IIRC it only improves if you use MIG.
- declaredapple 3 years ago
  
  So I guess only the A30/A100/H100 then?

Kab1r 3 years ago

I've been told that historically performance has been prioritized over security in the GPU space. Mitigating things like this does incur a performance penalty.

frankjr 3 years ago

> Since September 2023, we have been working with CERT (..)

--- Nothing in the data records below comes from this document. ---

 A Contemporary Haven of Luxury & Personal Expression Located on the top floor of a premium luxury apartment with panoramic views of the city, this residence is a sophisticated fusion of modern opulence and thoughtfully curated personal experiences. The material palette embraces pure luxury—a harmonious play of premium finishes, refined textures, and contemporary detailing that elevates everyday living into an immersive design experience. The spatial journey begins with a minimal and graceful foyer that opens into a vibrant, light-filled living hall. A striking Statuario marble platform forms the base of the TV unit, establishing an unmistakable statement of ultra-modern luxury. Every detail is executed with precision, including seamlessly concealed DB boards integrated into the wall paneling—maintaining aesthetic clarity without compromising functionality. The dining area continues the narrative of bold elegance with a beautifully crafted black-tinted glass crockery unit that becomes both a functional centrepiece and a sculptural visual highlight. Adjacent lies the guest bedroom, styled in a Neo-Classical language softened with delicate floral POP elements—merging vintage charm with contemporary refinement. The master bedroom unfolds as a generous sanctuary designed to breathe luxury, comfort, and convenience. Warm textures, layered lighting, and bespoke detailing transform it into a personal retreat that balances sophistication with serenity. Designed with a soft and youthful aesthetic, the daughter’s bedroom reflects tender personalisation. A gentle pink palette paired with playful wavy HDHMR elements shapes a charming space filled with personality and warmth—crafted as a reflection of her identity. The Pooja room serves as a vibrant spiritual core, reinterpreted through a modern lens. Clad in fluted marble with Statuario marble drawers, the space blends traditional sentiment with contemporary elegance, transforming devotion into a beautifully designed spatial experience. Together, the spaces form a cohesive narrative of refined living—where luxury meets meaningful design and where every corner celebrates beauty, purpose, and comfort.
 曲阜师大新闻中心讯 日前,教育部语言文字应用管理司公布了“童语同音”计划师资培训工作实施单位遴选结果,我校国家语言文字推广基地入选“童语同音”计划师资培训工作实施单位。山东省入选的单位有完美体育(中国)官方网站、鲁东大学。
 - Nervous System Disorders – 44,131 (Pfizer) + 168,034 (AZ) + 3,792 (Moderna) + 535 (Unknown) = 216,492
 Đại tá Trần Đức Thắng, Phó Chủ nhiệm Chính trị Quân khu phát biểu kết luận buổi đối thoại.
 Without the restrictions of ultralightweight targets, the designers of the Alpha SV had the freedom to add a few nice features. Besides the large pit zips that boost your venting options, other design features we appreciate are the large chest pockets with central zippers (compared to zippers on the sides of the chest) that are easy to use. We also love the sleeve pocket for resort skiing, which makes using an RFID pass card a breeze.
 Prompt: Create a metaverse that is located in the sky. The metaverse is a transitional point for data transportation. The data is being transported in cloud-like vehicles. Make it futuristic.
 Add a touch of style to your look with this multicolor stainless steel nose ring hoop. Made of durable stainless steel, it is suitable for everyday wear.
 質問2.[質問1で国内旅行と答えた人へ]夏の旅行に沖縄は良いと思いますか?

> Apple: Despite multiple efforts to establish contact through CERT/CC, we only received a response from Apple on January 13, 2024.

> Apple did not respond or engage with us regarding the disclosure.

Well at least they are consistent at not giving a flying f*ck about working with bug reporters, no matter who you are. I have reported 5+ radars in the past and have never received any response, not even a confirmation.

kridsdale1 3 years ago

My first job post college was a Radar triager for specific Apple frameworks. I was 23 or so, probably high the previous evening, and I did not give a FUCK about some external developer and their problems.
Sorry. That was a long time ago.
adr1an 3 years ago

At least you don't get sued or incarcerated /s

Veserv 3 years ago

tl;dr GPU drivers made by various vendors do not sanitize compute unit hardware scratch memory between uses, so you can just freely read whatever the last user left laying around when they stopped.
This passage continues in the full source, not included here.